More happily (at first), a young turk named Zeke Tenhoff and his platonic girlfriend, Emily Riedel, travel on a small craft christened the Clark, looking for all the world like a couple of pampered undergrads on a summer fling. But Zeke’s skill is quickly evident, and they return to their water-resistant yurt each night with a tidy bounty to sift and boil.
Another striver, Ian Foster, quits his job as a child-welfare caseworker and sinks (darn near literally) his last 15 grand into the Sluicey, which seems held together by rubber bands and a prayer. Ian’s summer is saved by the arrival of the capable and unrelated Scott Foster (hello, gorgeous), who brings know-how and, it turns out, an enormous ego. Before long, they’re having $6,000 days, a taste of success that strains their friendship.

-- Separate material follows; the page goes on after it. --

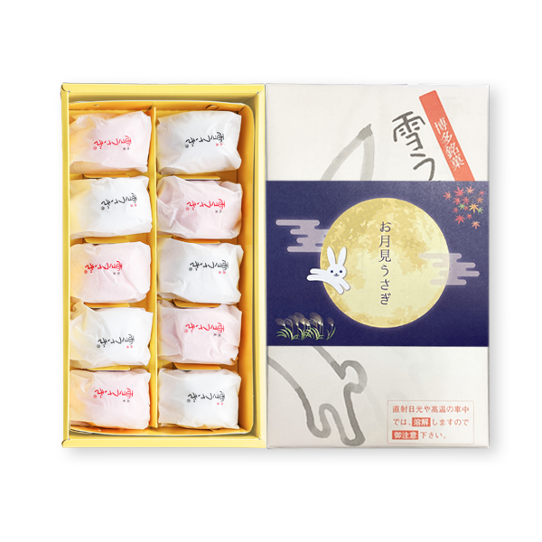 紅白の雪うさぎを5個ずつ詰め合わせた10個入り箱に
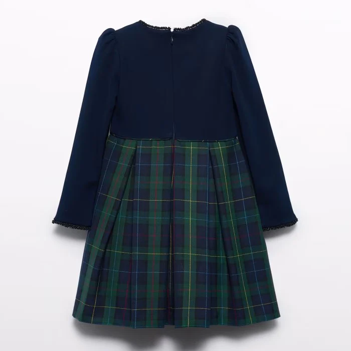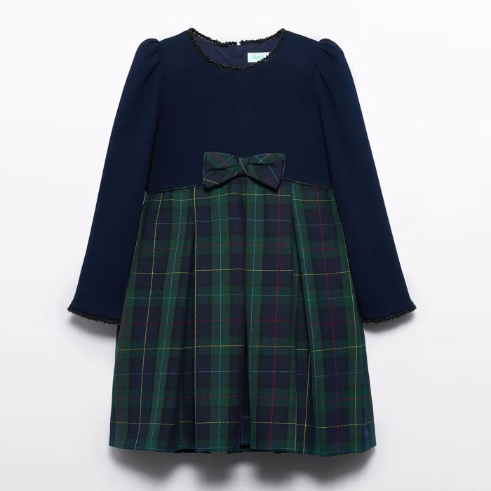 Abito ABEL&LULA in tessuto a fantasia quadri nella parte inferiore, fiocco applicato, perline applicate ai polsini e al girocollo, chiusura con zip sul retro, fodera interna in cotone.

Reality TV depends mightily on the chemistry of the people in it — more, perhaps, than scripted drama. The people seen here are “Bering Sea Gold’s” real find. They are believable, outspoken and almost preternaturally prone to mishaps and scuffles, which means they’re a producer’s dream. Aboard the clamorously large Christine Rose, a family-operated crew comes at things more aggressively, clawing the ocean floor with a sputtering backhoe. Their summer is thrown for a loop when the owner’s son gets stabbed in a bar fight — for which “Bering Sea Gold’s” cameras are serendipitously present.
The show is beautifully shot by a film crew that somehow manages to stay out of every frame, above and below the water’s surface, objectively at a remove — even when an underwater suction hose swallows Emily’s arm. And for a golden moment, as with all first seasons, these characters seem uncorrupted by stardom, letting their stories unspool honestly and without much pretense.
But that’s different from saying the show is beautiful. It’s not. It’s gritty and even depressingly acrimonious, embittered, rusted-out. More and more, Alaska looks on television like rural Ohio, only with much better views. One of the state’s overlooked renewable resources is its limitless potential as a metaphor for what we’ve all termed “this economy.” The “Bering Sea Gold” cast members are the faces in a mural of bad debts, unpaid medical bills and other personal miscalculations. Gold is their only hope.
And once again, Alaska comes off more as a dead end than as a gateway to that hope. Upon closer inspection by reality TV, TLC’s “Sarah Palin’s Alaska,” when narrowed to just Wasilla, turned out to be the ultimate expression of box-store blight and glum frontier entitlement. Behind Palin came the sad bozos of “Gold Rush Alaska,” a group of underemployed men from the lower 48 who banded together to hunt for quick riches and beat their flabby chests about the American dream yet spent most of their time bickering about broken equipment, back pain and glory holes. In spite of its decent ratings, “Gold Rush Alaska” has become so boring that the show has had to enlist other packs of similar seekers, just to keep a narrative flowing through the sluices.
“Bering Sea Gold” surpasses these other shows because it has so much more actual gold in it. In a flash, a 19th-century mania returns, and you find yourself thinking of Nome, and of trying your luck.
Bering Sea Gold
(one hour) premieres Friday at 10 p.m. on Discovery.